USD/JPY fell to 143.90 by late NY trade as US yields tumbled overnight following the Bank of England's surprise move by buying bonds. Global bond yields fell in response while equities rallied and the US dollar tanked as bulls capitulated into month-end sessions. At the time of writing, USD/JPY is retesting the 144.40s, moving up from the 144.04 lows
The US dollar index (DXY) is up 0.36% on the day but had reversed from a 20-year high in its first daily decline since 19 September. Bond yields fell sharply overnight after the BoE’s announcements that sent the yield on the 10-year gilt down nearly 50bp to 4.00%, while the US 10-year treasury dropped 21.4bp to 3.731%. In turn, the S&P 500 lifted 2.0%, following a bid in European equities.
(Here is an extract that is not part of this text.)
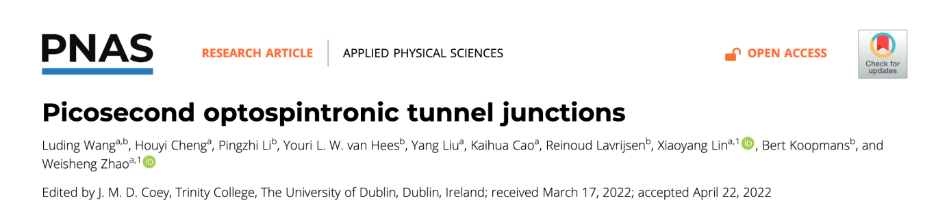 研究成果以“Picosecond Optospintronic Tunnel Junctions”为题,于6月7日在线发表于国际知名学术期刊《美国国家科公司院刊》(Proceedings of the National Academy of Sciences of the United States of America)。博士生王璐丁为论文第一作者,赵巍胜教授、林晓阳副教授为论文的通讯作者。
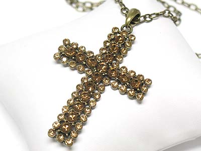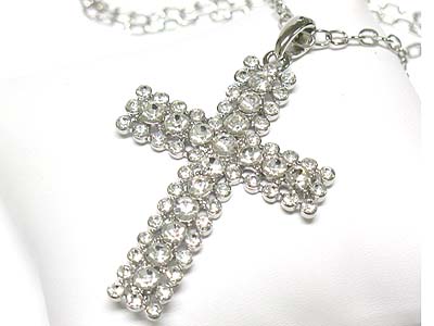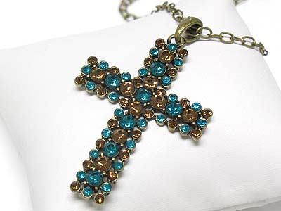 WHOLESALE CRYSTAL STONE STUD CROSS PENDANT NECKLACE 335314

The central bank said it will carry out temporary purchases of long-dated UK government bonds from 28 September to restore orderly market conditions. “The purchases will be carried out on whatever scale is necessary to effect this outcome,” BoE said in its statement. The Old Lady's intervention appeared to calm the market when the yield on the 30-year benchmark gilt dropped by more than 50 basis points at one point despite the BoE only buying GBP1b concentrating on the July 2051 bond in the main.
Following the aggressive fall in the value of USD/JPY, the currency pair could be ripening for a deeper correction of the steep rise from a week ago from down at 140.35 However, insofar as the divergence between Federal Reserve and Bank of Japan policy continues to signal upside potential for USD/JPY.
''The MoF, however, will be aware of the current vulnerability of the JPY and probably hopes to create enough fear of further intervention to keep some speculators side-lined. That said, we continue to target USD/JPY147.00 on a 3-month view,'' analysts at Rabobank argued.
The price took out the first level of support in the NY open and there are now prospects of a continuation to the downside should 144.50s hold as resistance and 143.90 breaks followed by 143.80.